An article published in the Health Affairs December issue is the first ever comprehensive analysis to investigate the Affordable Care Act's (ACA) Essential Health Benefit (EHB) as it relates to children. The study found that the EHB has resulted in a state-by-state patchwork of coverage for children and adolescents that has significant exclusions, particularly for children with developmental disabilities and other special health care needs.
Previous studies have compared the EHB standard more broadly to the Children's Health Insurance Program (CHIP), but this analysis presents the detailed evidence regarding the types of exclusionary practices that limit the effectiveness of coverage for children insured through health plans sold in the individual and small group markets. The analysis was conducted by researchers from PolicyLab at The Children's Hospital of Philadelphia; Children's National Health System in Washington, DC; Johns Hopkins Bayview Medical Center; and the Milken Institute School of Public Health at the George Washington University (GW).
"The Affordable Care Act offers great promise for kids, but we are concerned that its intended benefits are not fully realized for children. We sought to understand which pediatric services are covered, and which ones are excluded, by health insurance plans in the health insurance Marketplaces. Since there is currently no national pediatric benefit standard, our analysis compared benchmark plans at the state-by-state level," said study lead author, Dr. Aimee M. Grace, a pediatrician and fellow at Children's National Health System.

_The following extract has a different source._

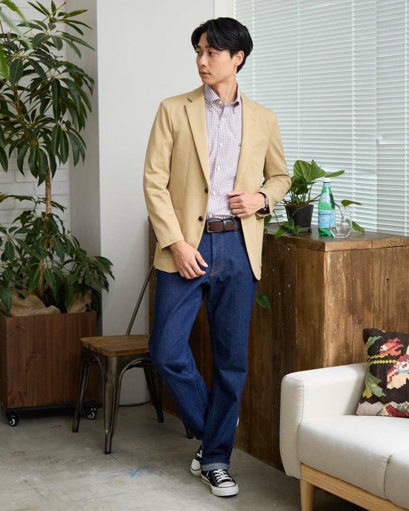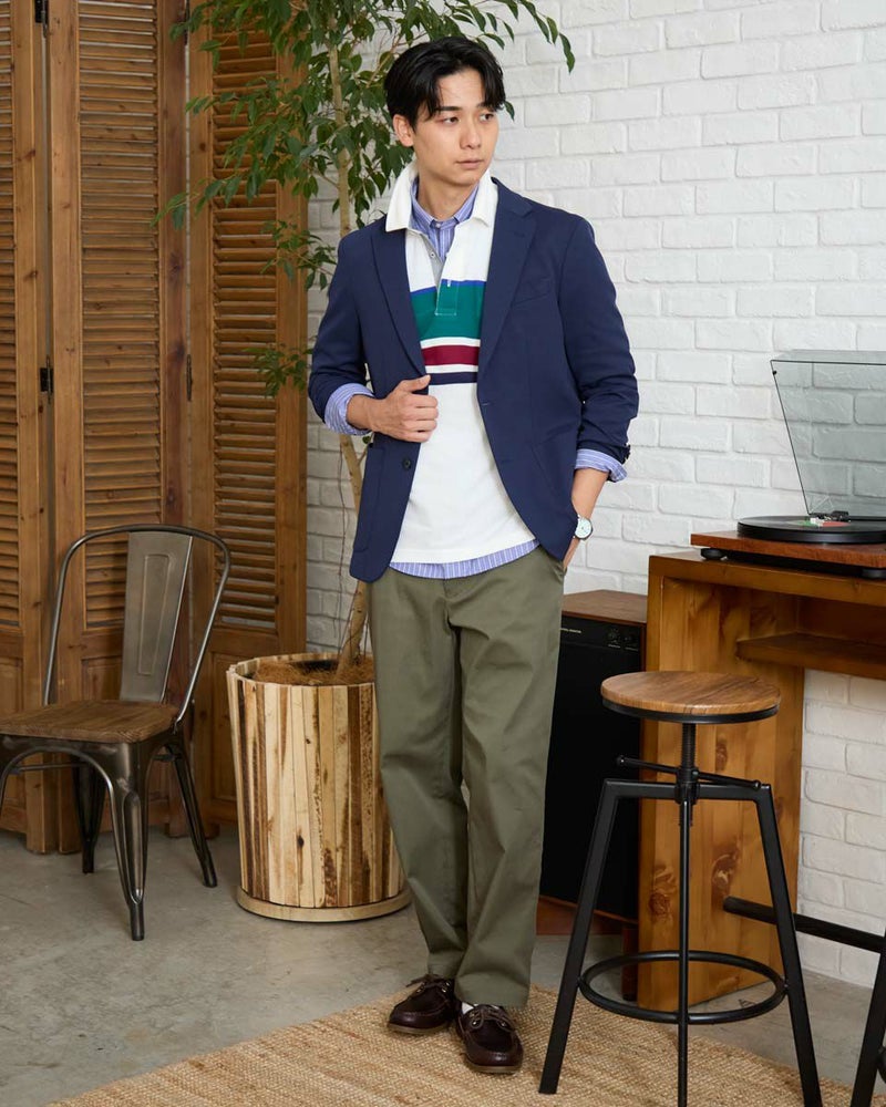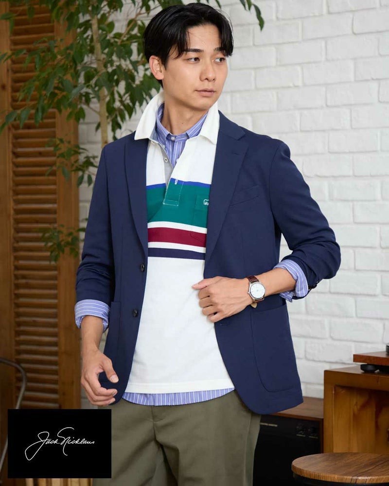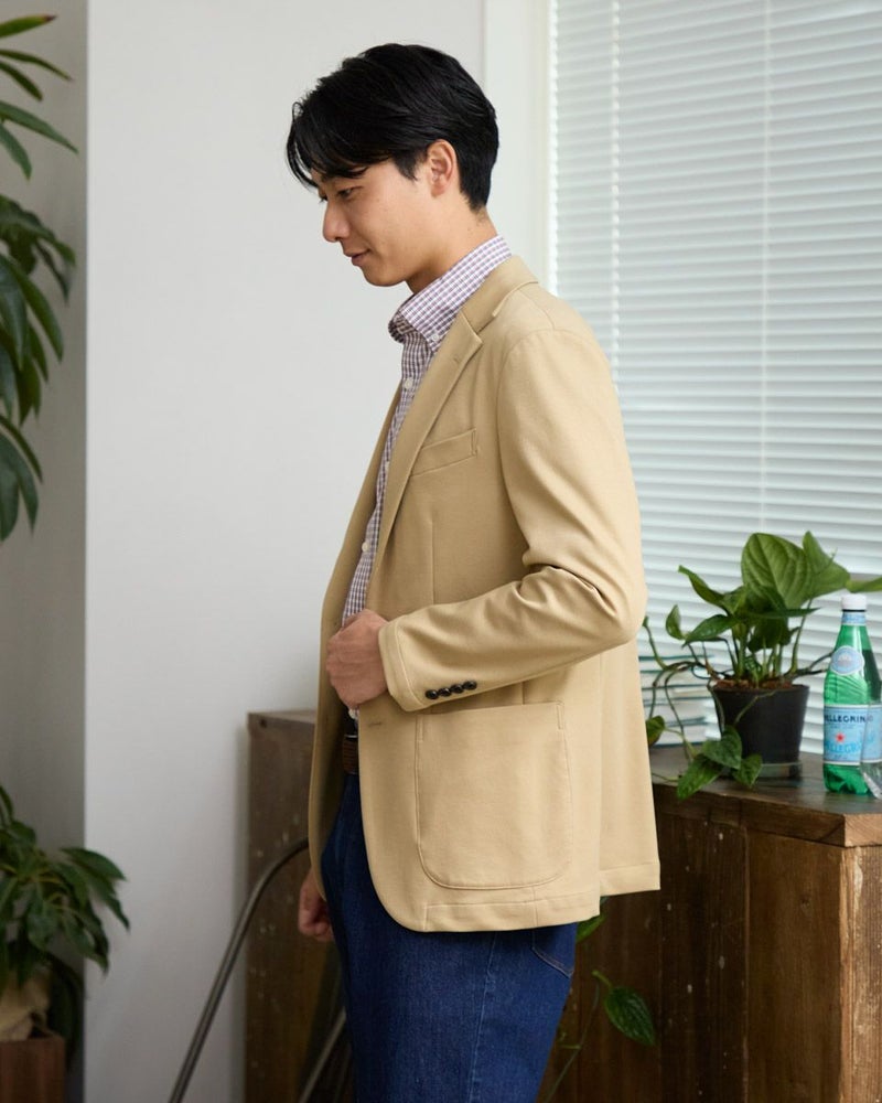 斜めの織り目で表情のあるカルゼジャジー生地を使用したジャケットです。ジャージー素材ならではの伸縮性のよさが魅力です。肩や腕を動かしやすく長時間着ていても疲れにくい快 適な着心地が特徴です。カルゼ特有の光沢と立体感がカジュアルになりすぎず、ビジネスシーンにも対応できるジャケットです。

"Pediatric services" is one of ten benefit classes required by the ACA that must be covered in all health insurance plans sold in the individual and small-group health insurance Marketplaces. However, other than oral health and vision care, neither the ACA nor the regulations for implementing it define "pediatric services". Additionally, while the ACA gave the Health and Human Services (HHS) Secretary the ability to define a pediatric benefit standard at the national level, HHS chose instead a state-by-state benchmark plan approach, which affords greater discretion to both states and payers. The researchers found that this approach has led to great variation among states regarding coverage of pediatric services. For example, 25 states specifically cover treatments for congenital defects, and 24 specifically include coverage for both autism spectrum disorder (at least in part) and hearing aids. There is also great variation among states regarding exclusion of certain pediatric services; for example, 13 states specifically exclude services for children with learning disabilities, and 10 states exclude speech therapy for developmental delays, stuttering, or both.

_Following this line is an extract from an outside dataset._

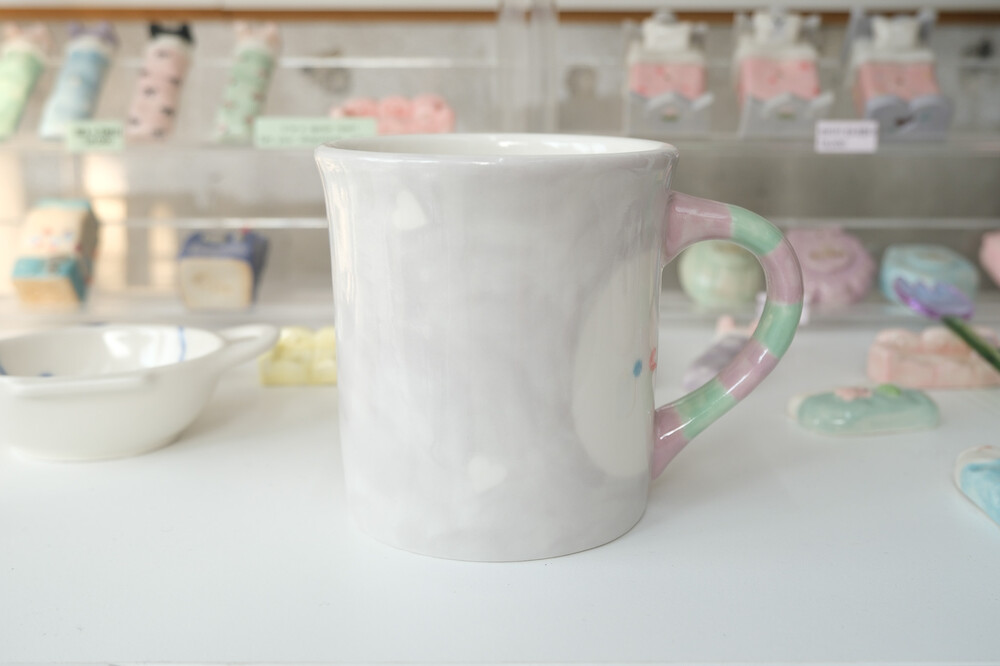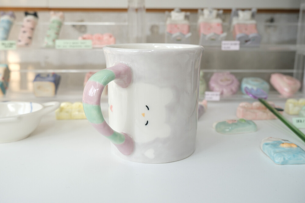 보라+민트 줄무늬 목도리를 맨 눈사람 곰돌이, 눈곰돌이 머그컵입니다 ꕤ
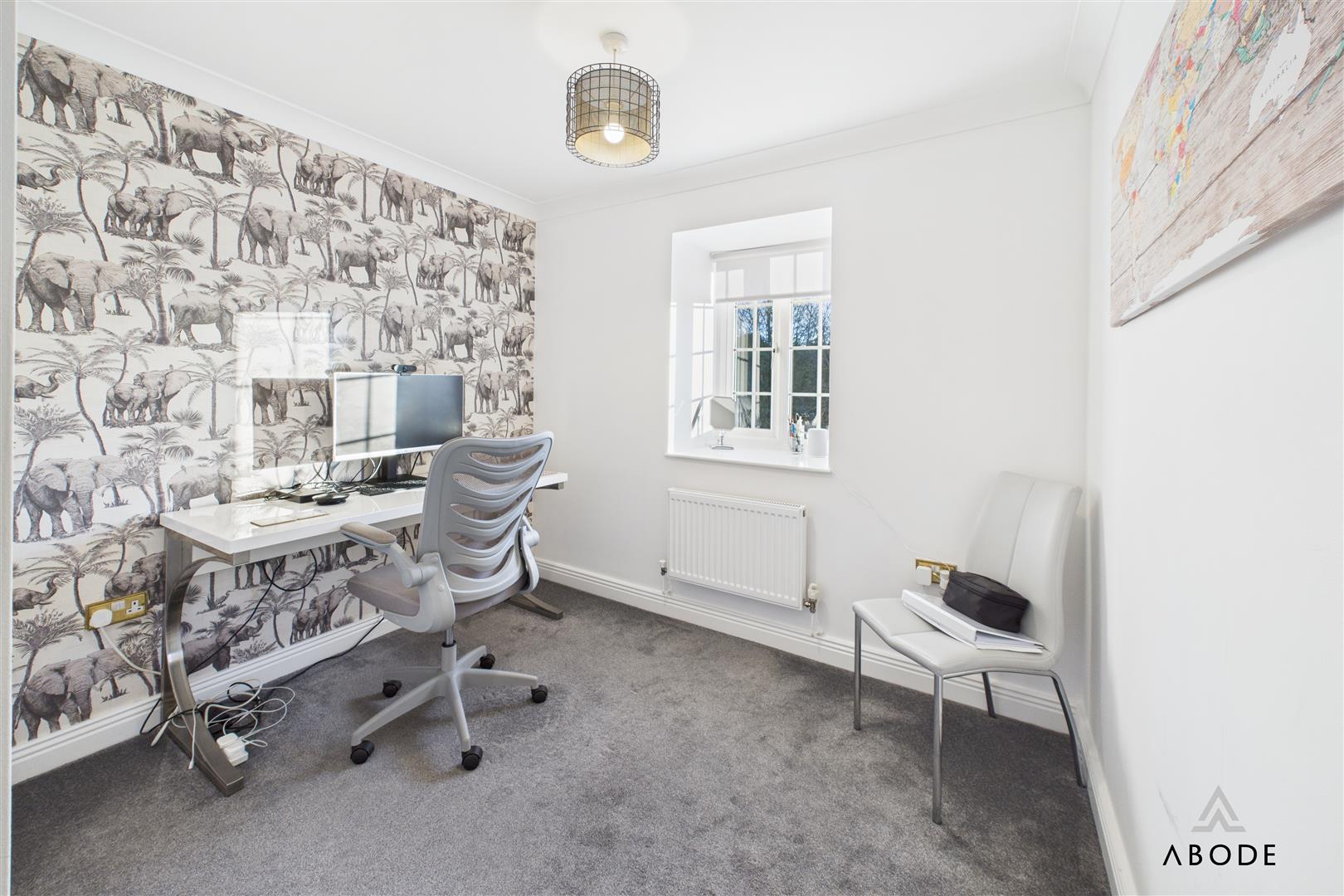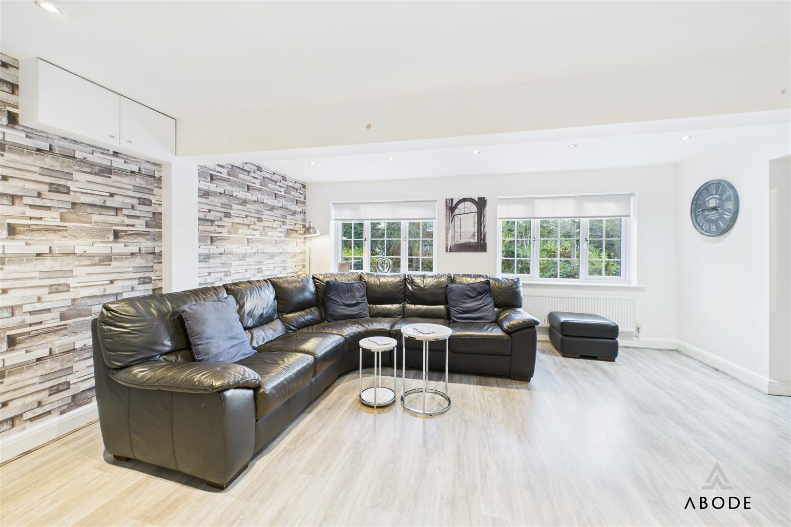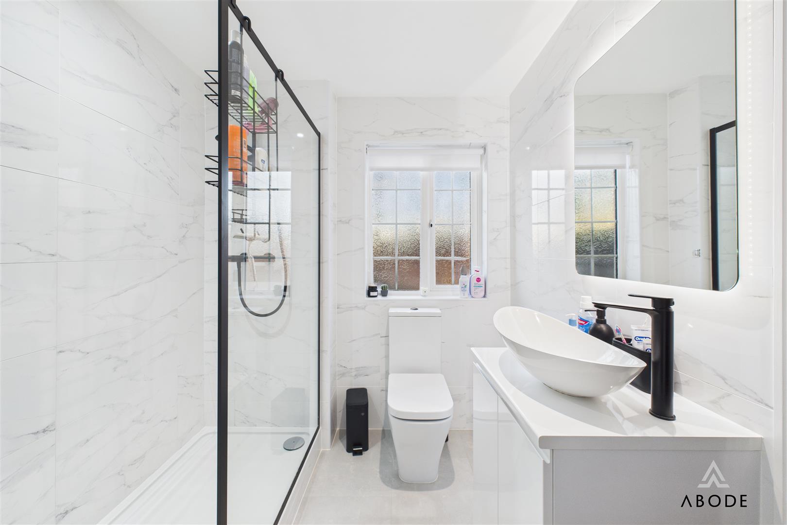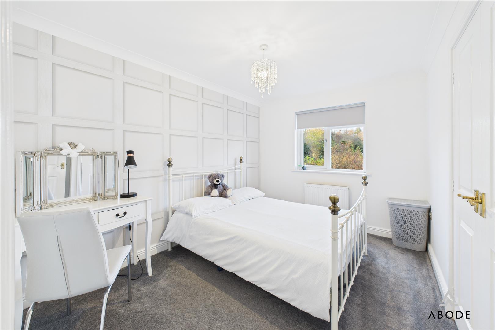 Two of these bedrooms enjoy their own en-suite shower rooms, each fitted with contemporary sanitaryware, glazed shower enclosures and modern tiling. The remaining bedrooms are served by the main family bathroom, which is fitted with a bath, wash-hand basin set into vanity storage and WC, along with a heated towel rail. This floor offers excellent flexibility for family members, guests, dressing rooms or home offices.

According to senior author Sara Rosenbaum, the Harold and Jane Hirsh Professor of Health Law and Policy and Founding Chair of the Department of Health Policy at the Milken Institute School of Public Health at GW, "This benefit patchwork means significant state-to-state variation in what will be covered for children with special needs."
The analysis suggests four potential policy steps:
- 1.Pediatric treatment limits and exclusions, particularly exclusions based on mental retardation, mental disability, or other developmental conditions, should be barred.

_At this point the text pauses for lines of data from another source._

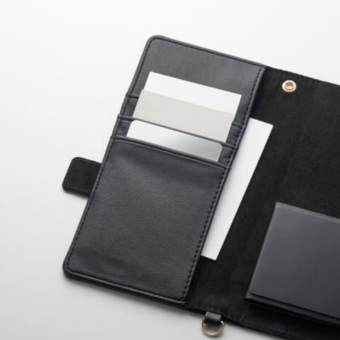 薄型タイプは、ICカード対応ポケットを1つ備えている。カードケースとハンドストラップ付きタイプは、4つのICカード対応ポケットとストラップを備える。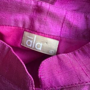Ala 100% Silk Button Down Blazer in excellent used condition. Measurements: bust 42”/arm length 21.25” cuffed/shoulder to shoulder 16”/length 27.5”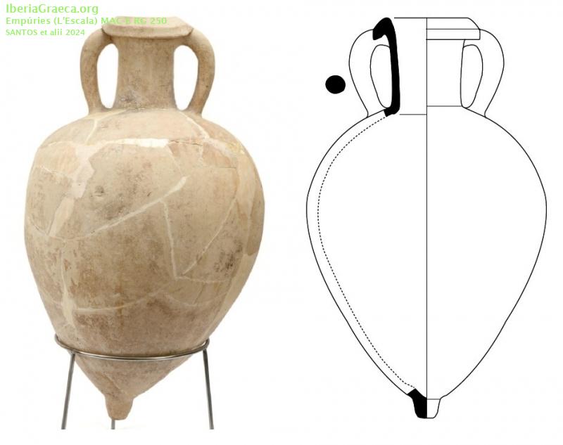 Origen : Corinto Forma : Ánfora de transporte Tipo : Tipo A de Koehler Parte Conservada : Perfil completo DECORACIÓN Observaciones : Ánfora de Corinto, de pasta depurada, de cuerpo de forma ovoide, con cuello cilíndrico, pivote corto y troncocónico y un perfil de borde con labio colgante de perfil casi triangular, que corresponde al tipo A (KOEHLER 1979). Autor: Conxita Ferrer (CIG) Supervisor: Xavier Aquilué (CIG) Fecha: 22-03-2025 |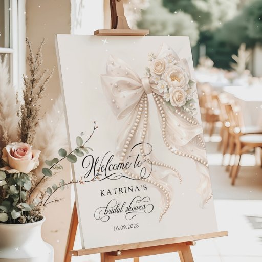 This elegant Bridal Shower Invitation features a timeless neutral palette with a romantic pearl bow, soft ivory florals, and graceful calligraphy typography. Delicate pearl details and a sheer ribbon design create a luxurious, refined look perfect for a classic, coquette, or grandmillennial bridal celebration. Matching items are available.

2.The concept of "medical necessity" should be incorporated into the defined pediatric benefit. Medical necessity should include not only the clinical utility and appropriateness of a covered service, but also whether the service is appropriate in the pediatric developmental health context.
3.The essential health benefits standard for pediatric services should be revised to address both covered services, particularly for children with special needs, and actuarial value (the percentage that the average person can expect the plan to cover). The authors suggest keeping with the current CHIP practice of an actuarial value of 90 percent for qualified health plans sold in the Marketplaces, to reduce the burden of high deductibles, coinsurance, and other forms of cost sharing for families with children.
4.The use of CHIP plans as a benchmark plan for pediatric services should be permitted.
HHS made a commitment to review its "benchmark plan" approach for the 2016 plan year. At this time, HHS could define a pediatric benefit standard at the national level. Establishing a benefit standard has important implications for the eight million children who currently receive their health insurance coverage through CHIP, a program whose funding has not been extended beyond 2015. If this funding were not extended, many of these children would enter the Marketplaces for their insurance coverage. For these children, as well as the children already covered by plans in the Marketplaces, the appropriateness of the essential health benefits standard for children is one of the most important issues in child health policy today.
As noted by Kathleen Noonan, a co-author, and Co-Director at PolicyLab at the Children's Hospital of Philadelphia and faculty at the University of Pennsylvania's Master of Public Health Program, "With Congressional debate expected about whether to extend funding for CHIP beyond fiscal year 2015, how well the pediatric services element of the essential health benefits standard addresses the needs of children will be an important factor to consider."